恵泉ディクショナリー

杉原 千畝歴史文化学科

[すぎはら ちうね]  Sugihara Tiune

杉原 千畝とは

「昔、スギハラサンに助けていただいたお礼に来ました」これは3.11の直後、一番初めに日本に駆けつけたイスラエル医療団の言葉です。残念ながらこの発言の意味を正確に理解した日本人はごくわずかでした、ここに明らかにしてみましょう。1940年7月末、バルト三国の一つであるリトアニアの領事館に、日本通過ビザを求める多くのユダヤ人が来ました。彼らはオランダ国籍をもつポーランドに住んでいたユダヤ難民です、ナチスに追われ西側へ逃れることはもうできません、唯一の脱出ルートはシベリア鉄道でウラジオストックに行き、日本海を船で渡って敦賀に着き、ここから神戸港に行き船で海外に逃れるというものです。この計画では日本通過ビザを取得することが必須です。

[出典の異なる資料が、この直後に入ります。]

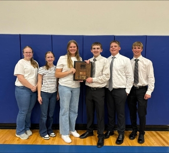 Sophomores Tyce Larson, Easton Brabec, and Cash Fehringer advanced to finals in their Agriculture Demonstration. In the end, they finished as State Runner-Up, placing 2nd! The team's demonstration consisted of showing the process of milking a cow, pasteurizing its milk, and making ice cream.

友好関係にあるドイツが敵対視するユダヤ人を助けることは、当時としては反国家的行為です。当然ながら時の外務大臣の松岡洋右は、領事代理の杉原千畝からの日本通過ビザ発行許可を認めません。しかし杉原は妻幸子の助言もあって、独断でビザを発行しました。こうして命を繋いだユダヤ人が七千人近くもいるのです。